Configuring Tokenization Parameters
This section describes the Tokenization Configuration parameters and covers the following topics:
Tokenization Configuration Overview
The tokenization configuration is a section in migration.properties
and masking.properties
files. It contains all the necessary information required for the tokenization of input data. For example, the name of the token vault that will receive the tokens for a column, token format that will be used to tokenize a column and whether the generated token will pass or fail luhn check.
A hidden parameter PreserveSpace
has been introduced for File-to-File migration. If this parameter is enabled, the spaces in the plaintext value during tokenization are preserved.
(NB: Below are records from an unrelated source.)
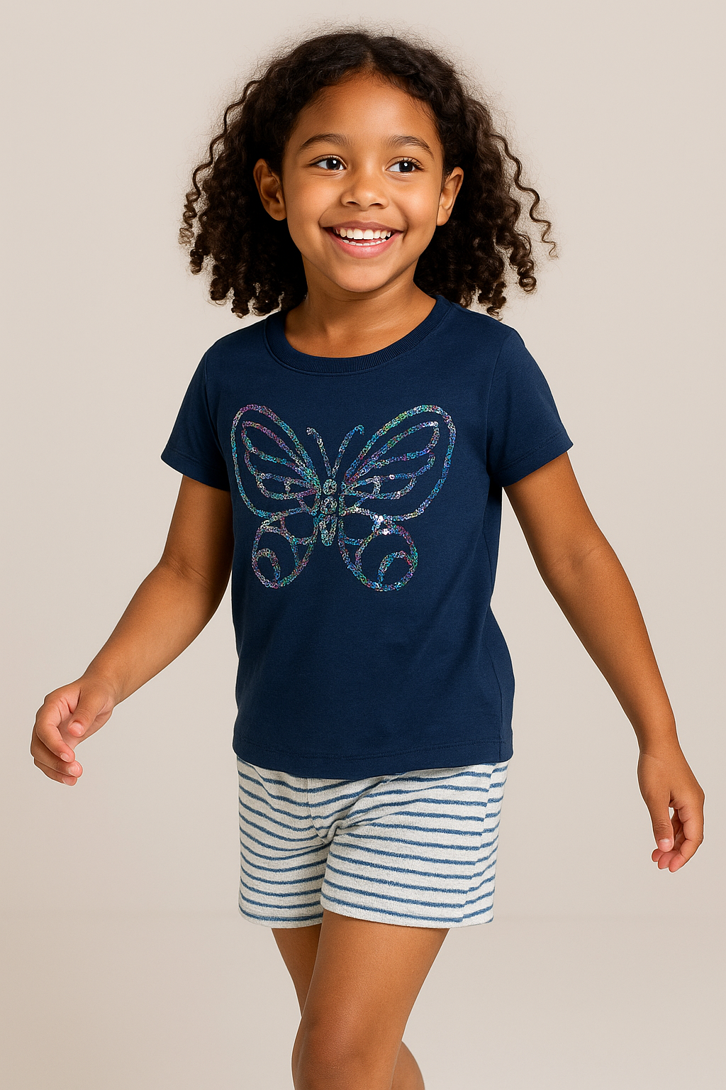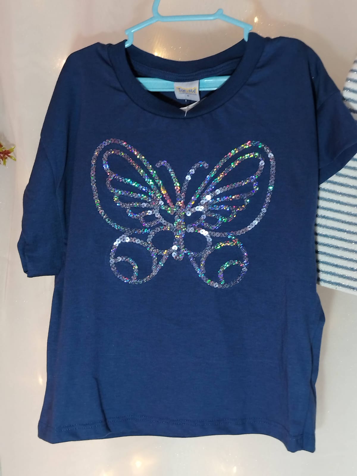 A blusa é confeccionada em malha 100% algodão, na cor petróleo, com estampa de borboleta em paetês holográficos que trazem brilho e delicadeza ao visual. Possui modelagem soltinha, mangas curtas e gola redonda.
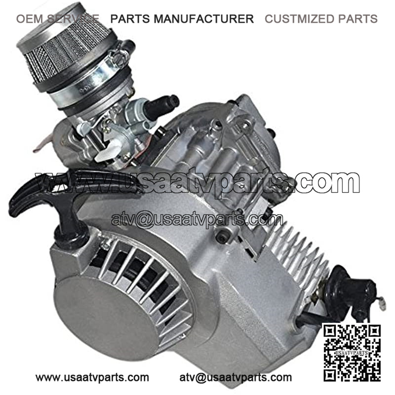 Complete assembled 49cc 2 Stroke Engine for pocket bike, mini dirt bikes atvs.Oil fuel ratio: 1:25 (use 2T oil)
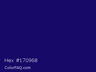 Hex #170968 Color is a very dark indigo color and the nearest color is Arapawa #110c6c. Hex code #170968 and RGB value is rgb(23,9,104). In RGB color space, this color is composed of 9% red, 4% green, 41% blue, In CMYK color space, this color is composed of 78% cyan, 91% magenta, 0% yellow , 59% black , In HSL color space, this color has a hue angle of 249° , 84% saturation and 22% lightness.
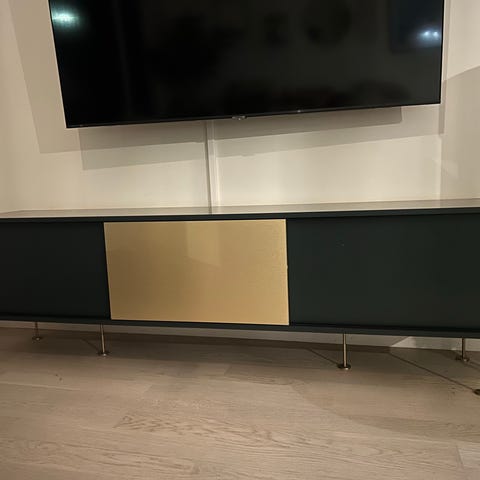 Säljer en stilren och exklusiv Vogue skänk från Decotique, 136 cm. Skänken är i mycket fint skick och väl omhändertagen. Det finns endast två mycket små repor på sidorna av dörrarna, nästan osynliga (se bilder).

This parameter is not applicable for any of the flavors of bulk masking.
Note
To preserve spaces in the generated tokens during File-to-File migration, set the PreserveSpace=true
in the migration.properties
file.
If PreserveSpace
parameter is enabled, spaces are preserved in the following scenarios:
If the plaintext value contains spaces at leading or trailing positions, the spaces are preserved in the generated tokens.
For example:
Plaintext Value Tokens ----356789------ ----184326------ If the plaintext value only contains spaces, the spaces are preserved in the generated tokens.
For example:
Plaintext Value Tokens ---------------- ---------------- Note
In the above examples, - represents space.
If the plaintext value is empty and the
PreserveSpace
parameter is enabled, the "Insert values cannot be empty" message is not displayed on the console.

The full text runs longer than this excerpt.